Breadcrumbs

A picture can indeed paint a thousand words, and combining both the visual and textual can be a window into an exciting and valuable new world for children, especially when more than one language is involved.

Fulbright New Zealand has given Dr Nicola Daly an award which will enable her to build on her work in the area of multilingualism in children’s picturebooks. She is one of three Waikato students and staff given grants by the organization this year. She is travelling to the United States in October to spend her Summer lecturing and researching at the University of Arizona. She will focus on multiple languages in picturebooks, including taking lessons from her research on bilingual books from New Zealand to the US.
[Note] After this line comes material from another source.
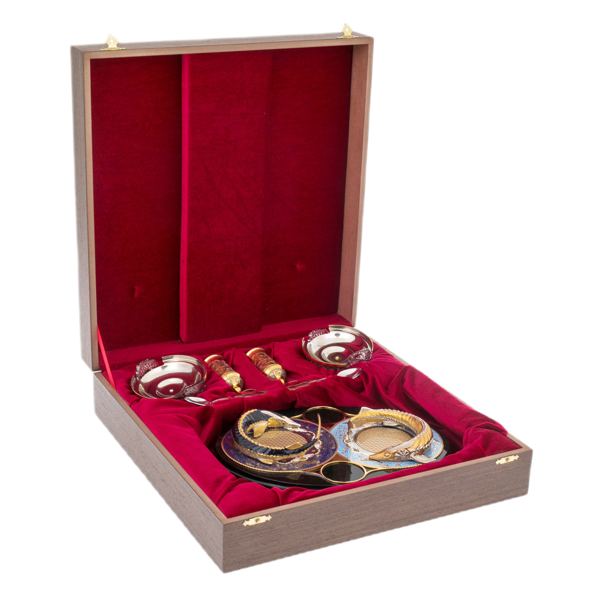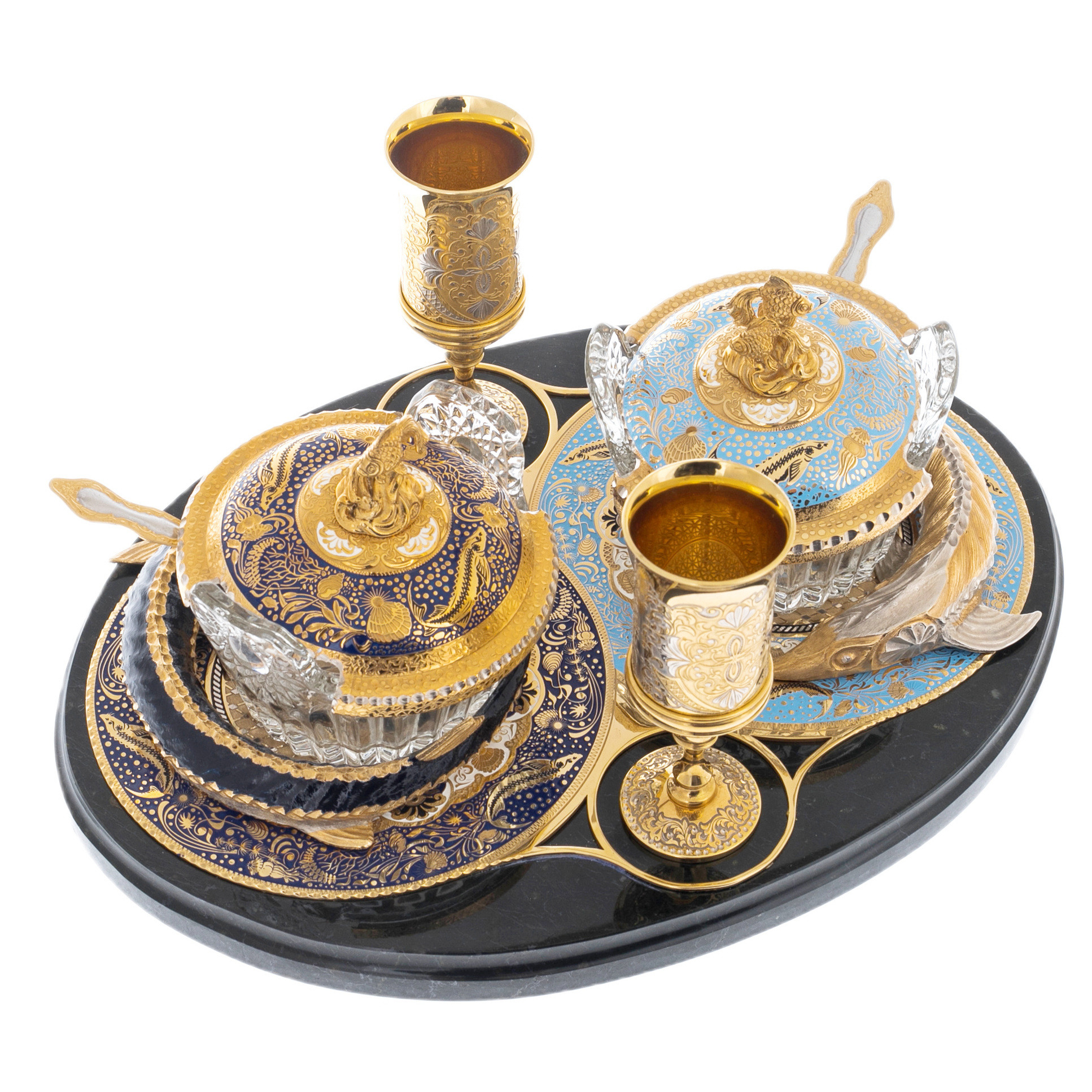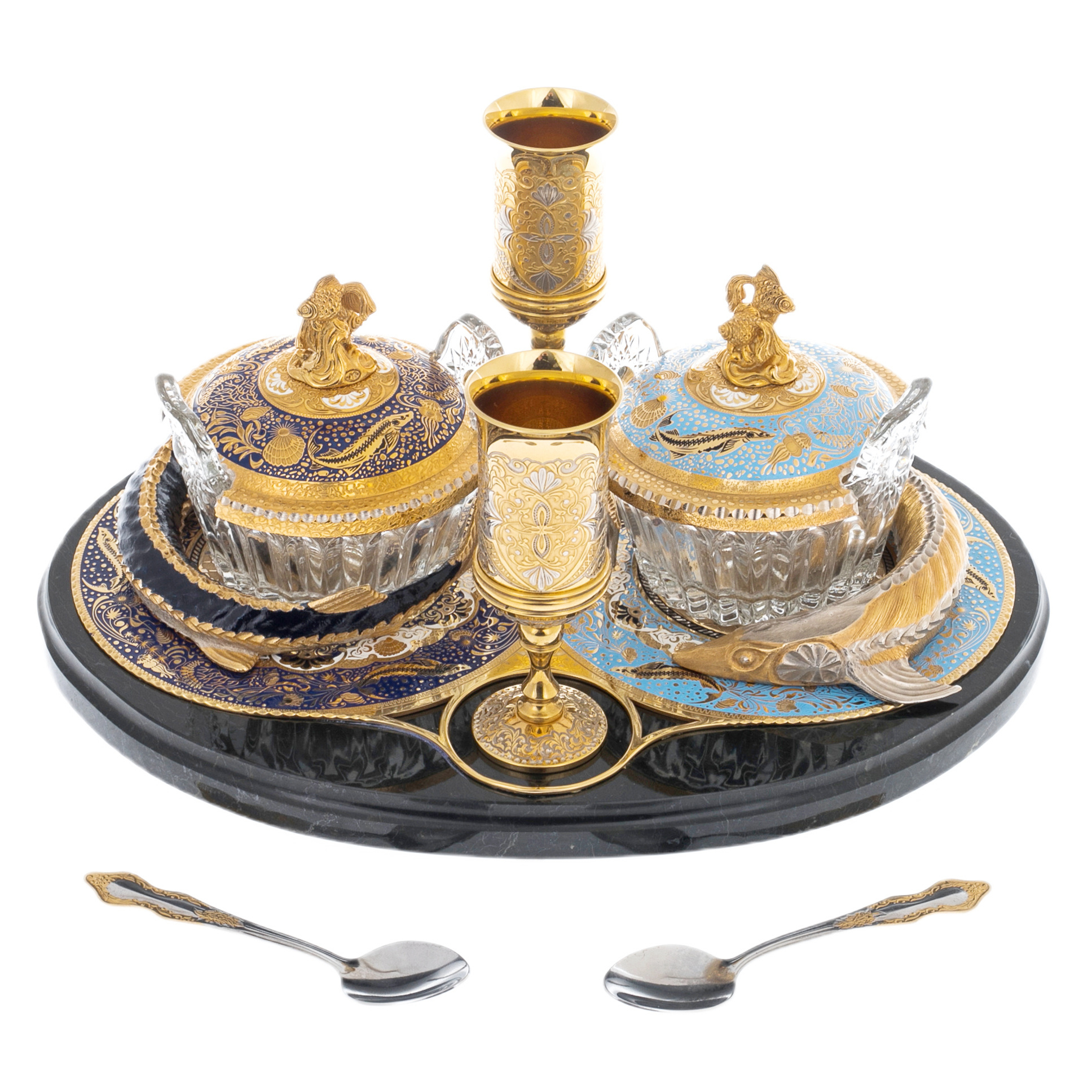 Комплектация: икорница — 2 шт., рюмка — 2 шт., ложечка — 2 шт., поднос.

Dr Daly will be working closely with Professor Kathy Short. Professor Short is not just an expert in the field of children’s literature, but also a Director of the World of Words Center. Worlds of Words holds an estimated 30,000 volumes of children’s and adolescent literature focusing on world cultures and Indigenous peoples, housed at the University of Arizona College of Education. It is committed to creating an international network of people who share the vision of bringing books and children together, and encouraging young people to develop global understanding through the medium.

The teaching component of the scholarship will see Dr Daly lecturing on the way in which language attitudes are reflected in and perpetuated by bilingual books around the world. Her research with Professor Short will see her look at the responses of children and pre-service teachers to multilingual picturebooks from around the world.

Picturebooks are often the first introduction to literacy that children have, particularly in Western cultures. Dr Daly says sharing a picturebook provides really important engagement between caregivers and children. “And the fact they are a marriage of pictures and text is like a bridge between the parent and the child, but also between visual and textual literacy. The children see what’s going on in the pictures and the more they hear the book being read the more they start to link the pictures to the words. They’re crucial in early literacy development, but also potentially powerful for the adults reading them to children.”

In the School of Education, Dr Daly co-directs the Waikato Picture Book Research Unit with Dr Janette Kelly-Ware. They hold a very popular annual seminar on pictures books, and run a picturebook club during semester in the university’s Teaching Resource Library (open to all staff and students). Dr Daly says there’s a huge amount of scope to develop that work further. “I’m hoping to be inspired about ways we can build on our work here in the Waikato to help the University of Waikato take a  lead in the field of children’s literature.”